We acknowledge several study limitations: we only recruited 61% patients from the eligible cohort, and a larger sample size would have increased the power to identify a lower frequency of activating TSHR mutation. We did not have data on Doppler thyroid ultrasound or thyroid‐stimulating immunoglobulin to exclude Graves’ disease. Although these two tests would have reduced the number of eligible patients, it would not have changed the results of our study due to the inclusive nature of our study eligibility criteria. We excluded patients with multinodular goitre in our study as it is seen in <15% of individual with activating TSHR mutation. This along with relatively common occurrence of nongenetic multinodular goitre in adult population would have provided very low positive predictive value of multinodular goitre to identify TSHR mutation.2 We also did not take the treatment history of patients (eg, relapse after antithyroid drug treatment) into consideration when selecting potential participants as we wanted to establish the utility of genetic testing at the time of diagnosis during routine clinical care.

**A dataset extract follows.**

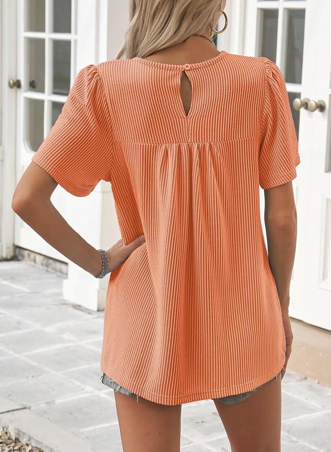 Womens Summer Tops Crewneck Short Sleeve Striped Shirts Casual Ribbed Blouses Flowy Hem Boho Clothing 2025(Bright Orange)
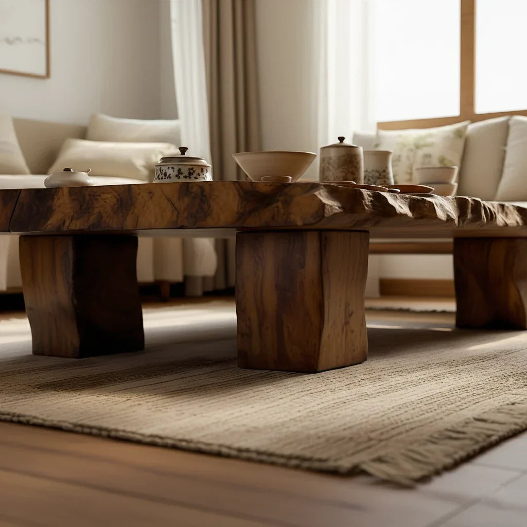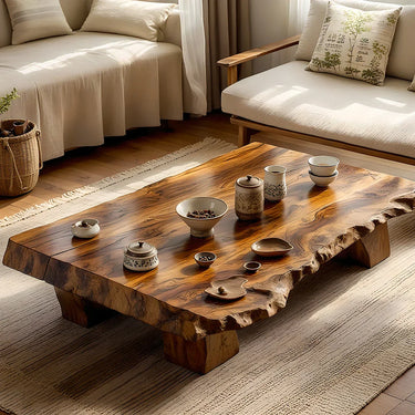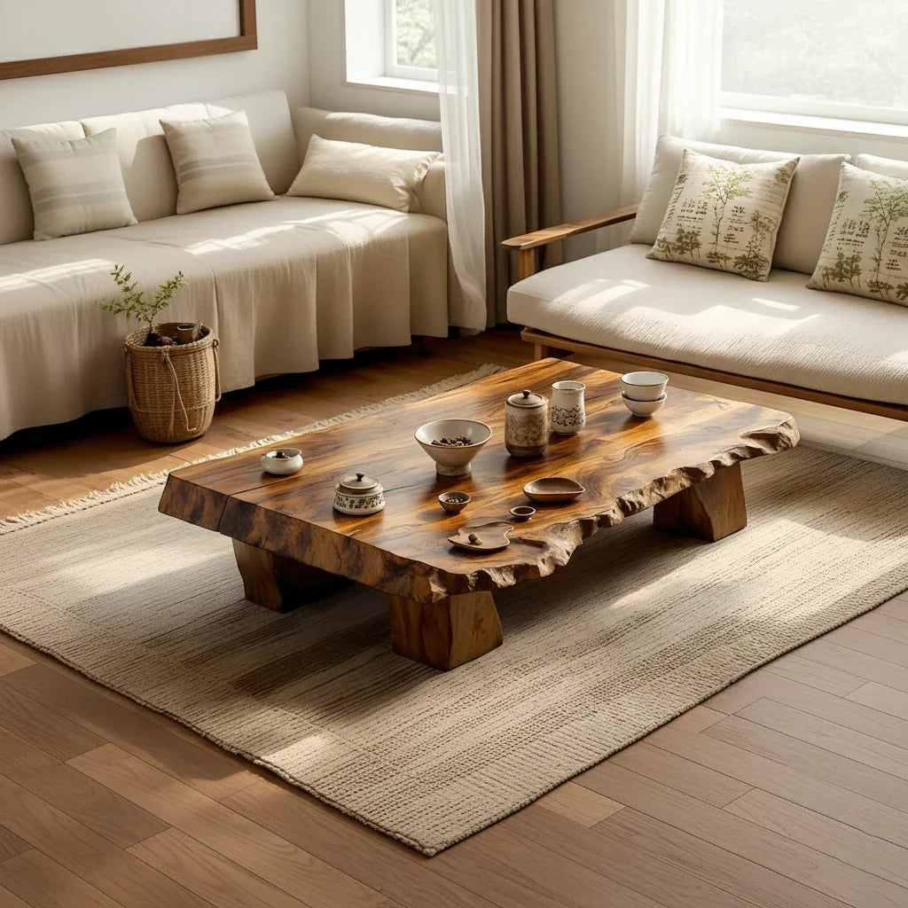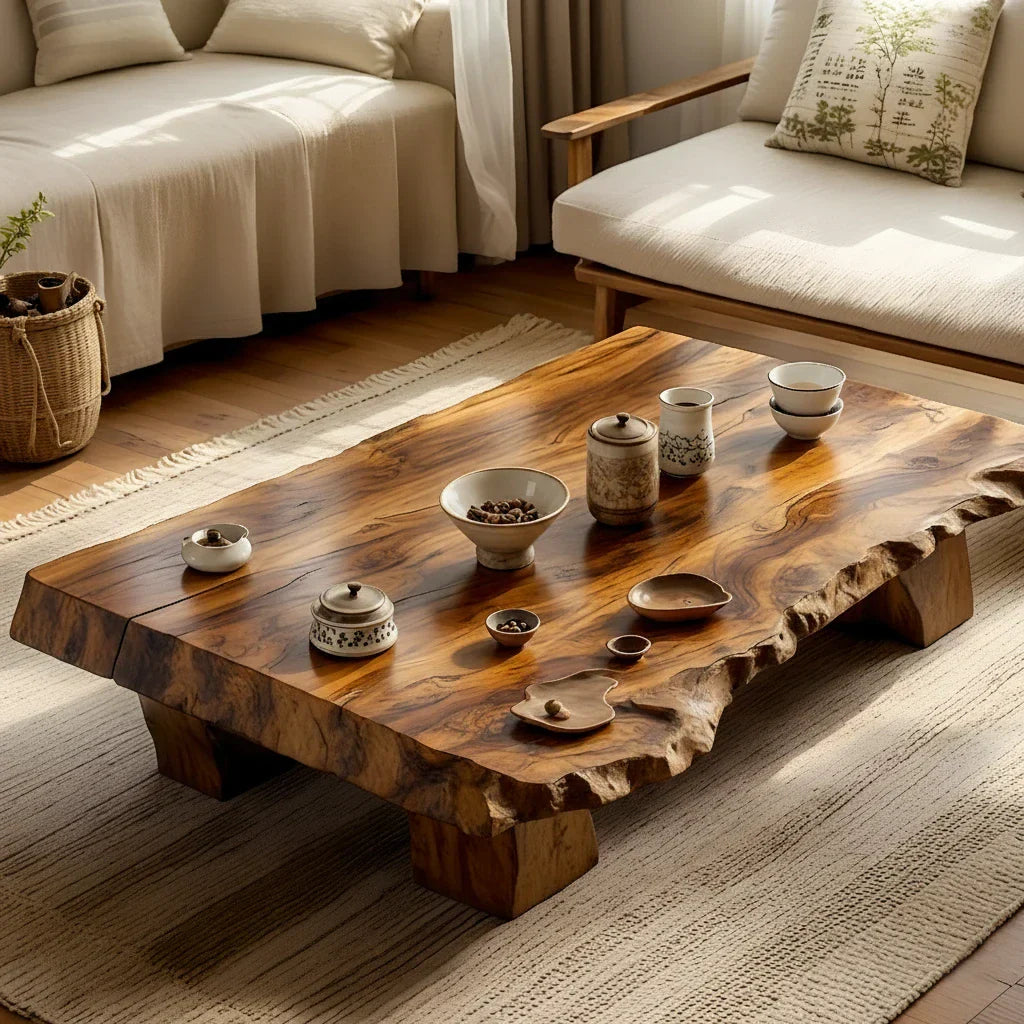 Perfect for Japandi, wabi-sabi, and modern organic interiors, this coffee table pairs beautifully with soft neutral upholstery, textured rugs, and simple ceramic tea sets. It offers a generous surface for serving, reading, or styling décor while acting as a functional piece of natural-wood art. Combining solid-wood construction, minimalist design, and a distinctive textured edge, it brings warmth, movement, and a serene focal point to any contemporary home.

In conclusion, our systematic assessments of adult Caucasian patients with hyperthyroidism showed that activating TSHR gene mutations are a rare cause of nonautoimmune hyperthyroidism. Our results do not support the routine genetic testing for adult patients with hyperthyroidism showing diffuse uptake on scintigraphy but lacking autoimmune features of Graves’ disease.

CONFLICT OF INTEREST

The authors report no conflict of interests that could be perceived as prejudicing the impartiality of the research reported.

AUTHORS’ CONTRIBUTIONS

KAP and BV designed the study; wrote the first draft of the manuscript, which was modified by all authors; and are the guarantors of this work and, as such, had full access to all the data in the study and take responsibility for the integrity of the data and the accuracy of the data analysis. KAP, BK VP researched data. KAP, BK, AA, TB, AT, SC, ID helped in data collection and study recruitment. CT did the genetic analysis. All authors contributed to the discussion and reviewed or edited the manuscript.